• [EXERCISE OBJECTIVE]:
Could you find each line of the data below that contains the word "пыльцы" and copy those lines?

┌──

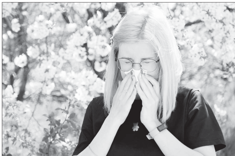
Во время цветения деревьев врачи рекомендуют аллергикам ограничить прогулки на свежем воздухе, особенно в солнечную, сухую и ветреную погоду, когда концентрация пыльцы может достигать высоких значений.

Что происходит в организме аллергиков, когда весной расцветают растения? Аллерген попадает в виде пыльцы в наши так называемые «входные
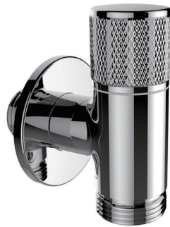
Project Line 洗衣机龙头
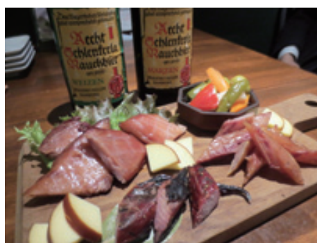
おすすめの燻製料理で、お酒も進む!

モーク料理の数々。また、2時間飲み放題のパーティーコース(3,500円)もある。 燻製料理とともに楽しむドリンクも豊富に揃っている。フルーティーな上発酵ビールや癖になる燻製ビールといったクラフトビールを中心に、全国のおいしいビール、ワインなどその時々料理に合わせたおすすめ銘柄の酒を店主に案内してもらえらるので、お酒に詳しい方もそうでない方も新たな発見がありそうだ。 良い雰囲気の中で寛いで飲みたい。そんな日にピッタリの、皆に自慢したくなるような一軒である。
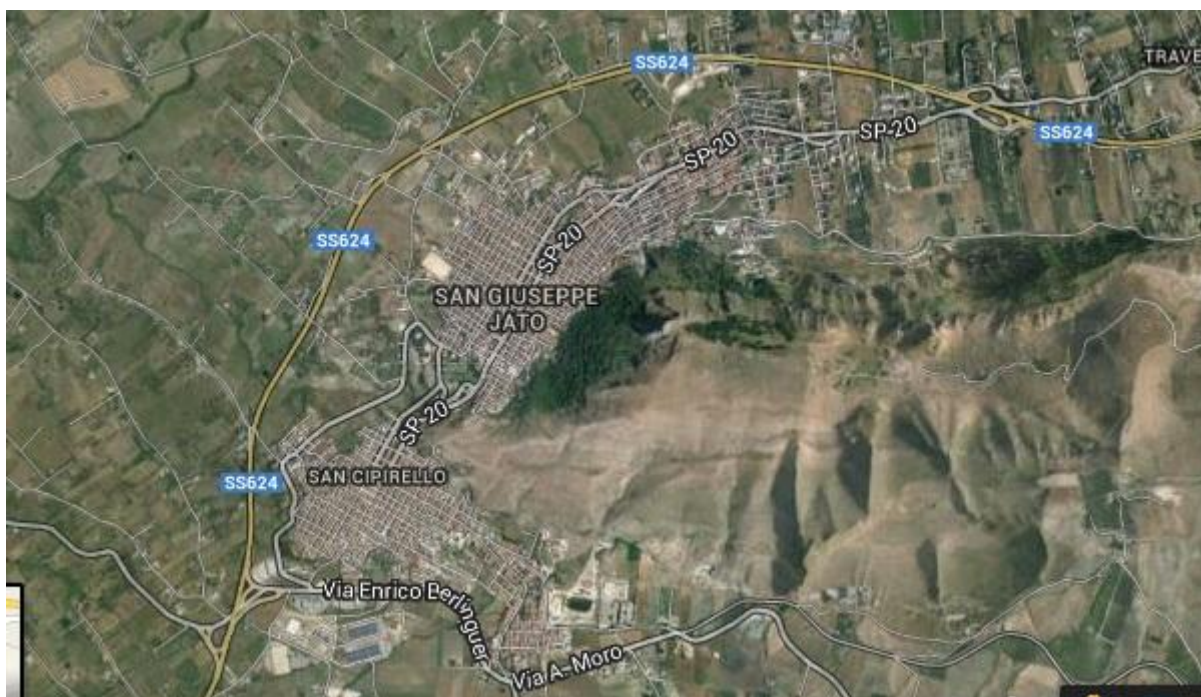
Pano Intervento San Giuseppe Jato-San Cipirello RELAZIONE ILLUSTRATIVA
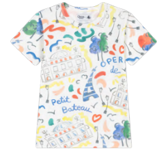
半袖Tシャツ 6,600~7,150円 品番: A0FWD01
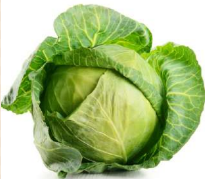
Капуста белокочанная ранняя, 1 кг Россия/Казахстан
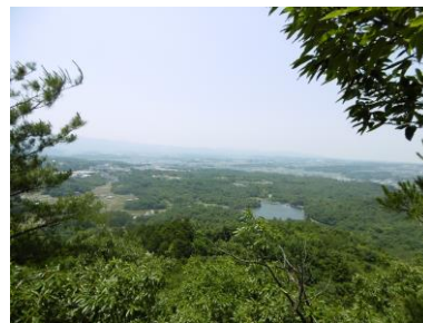
⑦ 福島大池を眼下に観る
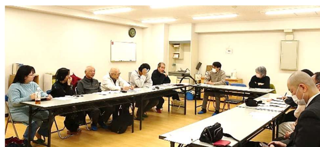
前回の地区集会 於・ハイトピア京町
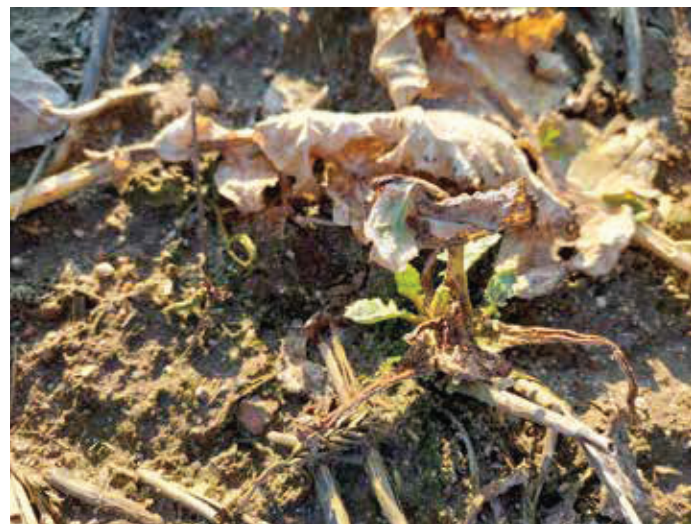
Stark geschädigte Einzelpflanze durch Erdflorbefall.
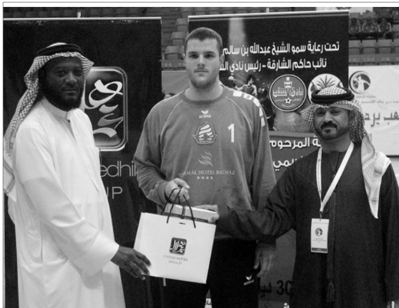
Bagi átveszi a mérkőzés legjobbjának járó díjat.

Január 11-én a Dubaji utat kipihenve kemény munkába fogott a Kőnig-Trade csapata. Hétfő déltől, péntek délelőtt 11-ig, 12 edzést letudva, egy közös ebéd elfogyasztása után, Szlovákia felé vették az irányt.
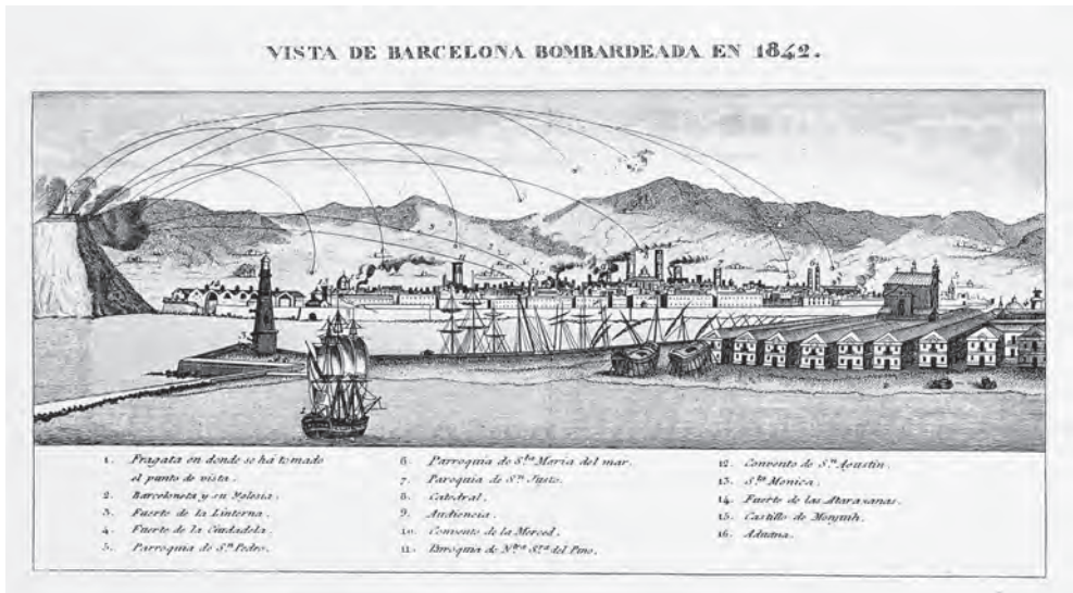
FIGURA 4. Atles de Barcelona , núm. 481. Gravet de Domènec Estruch publicat en el full volant Vista de Barcelona bombardeada en 1842 , Barcelona, imp. de Tomàs Gorchs.

Estruch és autor d'una Vista meridional de la ciutat de Barcelona que forma part d'un conjunt de vistes de poblacions catalanes editades durant la primera guerra carlina, al voltant de 1837. 15 La planxa de coure amb la vista de Barcelona fou retocada pel mateix gravador el 1842 per adequar-la a una nova publicació: un full volant imprès per Tomàs Gorchs en què es resumien els fets del bombardeig 16 . Els retocs van consistir a afegir les bombes i les seves trajectòries sobre la ciutat, així com el fum dels incendis, i a ampliar el gravat per la banda de Montjuïc, representant el castell que abans no hi figurava. Una atenta inspecció al gravat permet distingir una lleugera línia vertical, allà on la part nova fou afegida (Fig. 4). Encara podem sumar-hi una litografia semblant continguda en l'obra Sucesos de Barcelona . 17
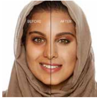
SAND - Medio con Subtono Dorado
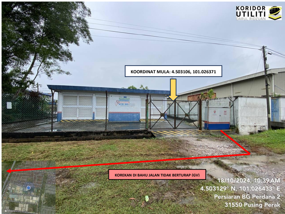
Lokasi koordinat mula di Persiaran BG Perdana 2 berdekatan PE Taman Batu Gajah Perdana No. 7
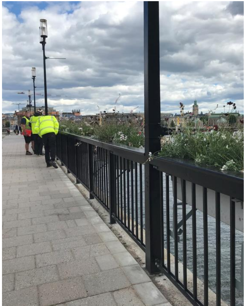
Bild 8 - Räckets efter ommålning av räcke, se speciellt svart armatur på svart stolpe
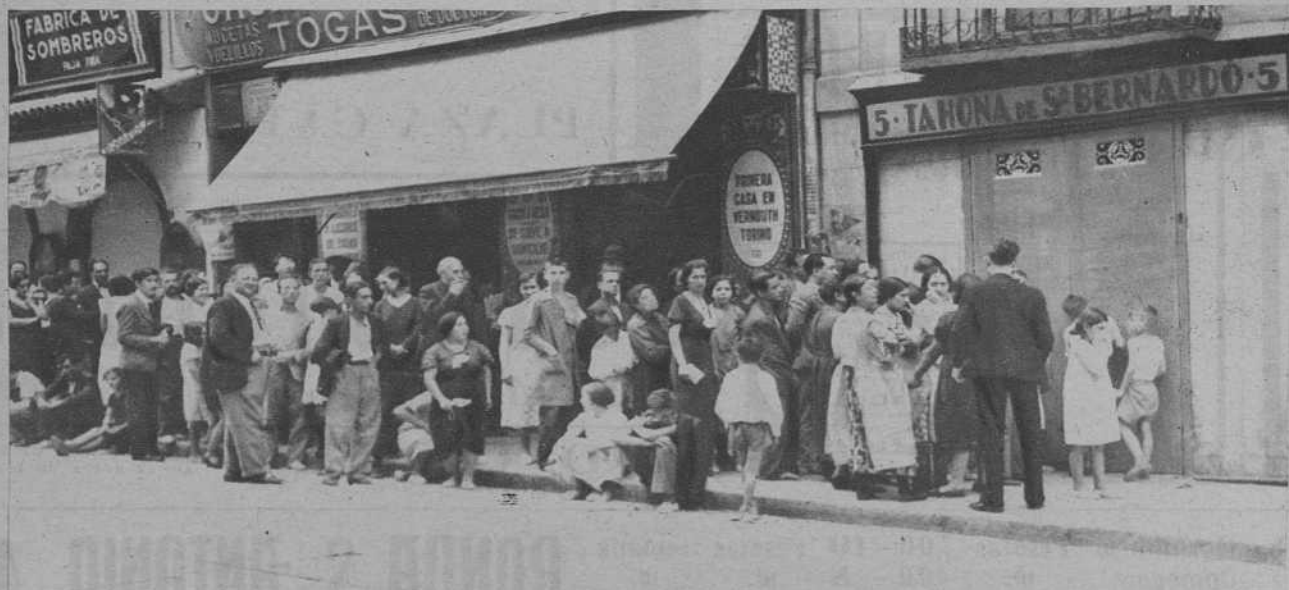
Madrid.—Cola a la puerta de una tahona, el sábado.—(Fots. Vidal)
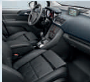
Ergonomiesitz mit Gütesiegel AGR: Leder 2 Mondial, Schwarz
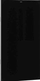
Pannello frontale con vetro ESG nero EXOS.
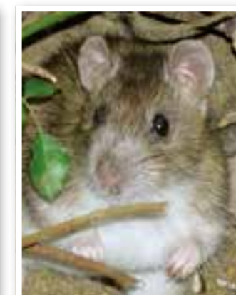
Unna Seite 27 Ratten - niedlich, aber schädlich
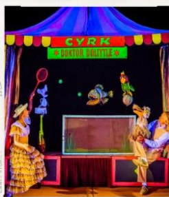
07.01.2023 g.16:00 Cyrk Doktora Dolittle

└──

• [ANSWER AREA]:
Во время цветения деревьев врачи рекомендуют аллергикам ограничить прогулки на свежем воздухе, особенно в солнечную, сухую и ветреную погоду, когда концентрация пыльцы может достигать высоких значений.
Что происходит в организме аллергиков, когда весной расцветают растения? Аллерген попадает в виде пыльцы в наши так называемые «входные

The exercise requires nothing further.